> PROBLEM TO SOLVE:
Excluding pictures, retype the line with "La collezione si" and each line that follows it to the end of the data below, word for word.

> INPUT DATA:

########################################

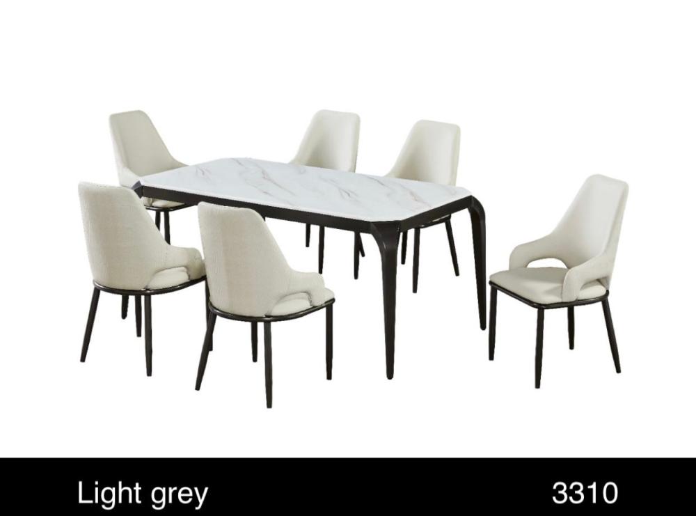 طاولة الطعام هذه مصممة لتوفير مساحة جلوس مريحة وأنيقة لـ 6 أشخاص، مما يجعلها مثالية للعائلات المتوسطة الحجم أو المناسبات الاجتماعية. الطقم يجمع بين الرخام الفاخر والكراسي المنجدة الأنيقة، مما يخلق مظهرًا جماليًا متكاملاً.
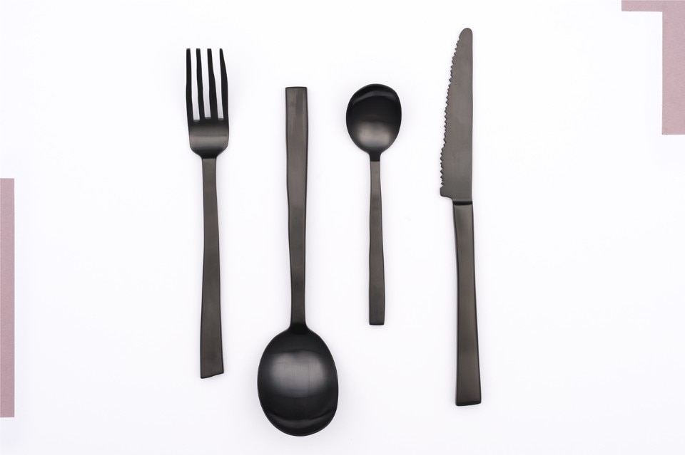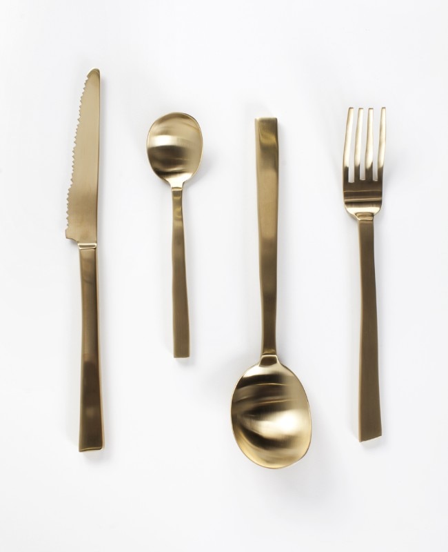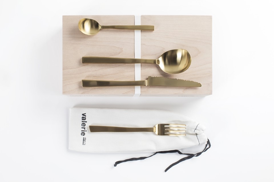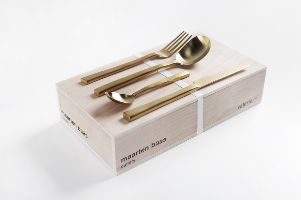 La collezione si amplierà gradualmente con un coltello e forchetta da dessert. Queste prime posate di Baas nascono con una forma bizzarra, con la lama del coltello seghettata. L’irregolarità è un suo marchio di fabbrica, presente in tutti i suoi lavori. Il set è di acciaio inossidabile spazzolato, disponibile nella finitura naturale, nera, ottone e rame.
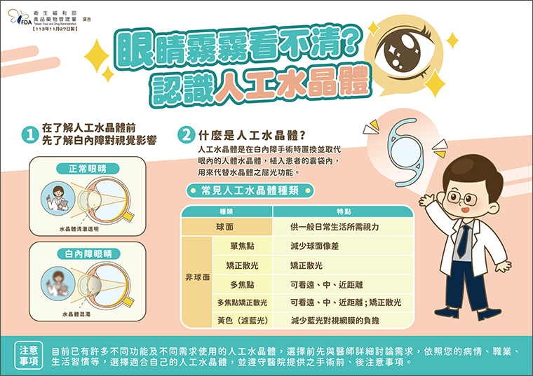 食藥署提醒,在接受人工水晶體置換手術前務必與眼科醫師充分溝通,依照需求選擇適合的人工水晶體,並遵守醫院提供之手術前、後注意事項。有關醫療器材相關資訊,除可向醫師詢問外,亦可至食藥署網站之許可證資料庫查詢產品之相關資訊(連結:食藥署首頁>醫療器材>資訊查詢>醫療器材許可證資料庫>西藥、醫療器材許可證相關查詢)。

########################################

> SOLUTION FOR THIS TASK:
 La collezione si amplierà gradualmente con un coltello e forchetta da dessert. Queste prime posate di Baas nascono con una forma bizzarra, con la lama del coltello seghettata. L’irregolarità è un suo marchio di fabbrica, presente in tutti i suoi lavori. Il set è di acciaio inossidabile spazzolato, disponibile nella finitura naturale, nera, ottone e rame.
 食藥署提醒,在接受人工水晶體置換手術前務必與眼科醫師充分溝通,依照需求選擇適合的人工水晶體,並遵守醫院提供之手術前、後注意事項。有關醫療器材相關資訊,除可向醫師詢問外,亦可至食藥署網站之許可證資料庫查詢產品之相關資訊(連結:食藥署首頁>醫療器材>資訊查詢>醫療器材許可證資料庫>西藥、醫療器材許可證相關查詢)。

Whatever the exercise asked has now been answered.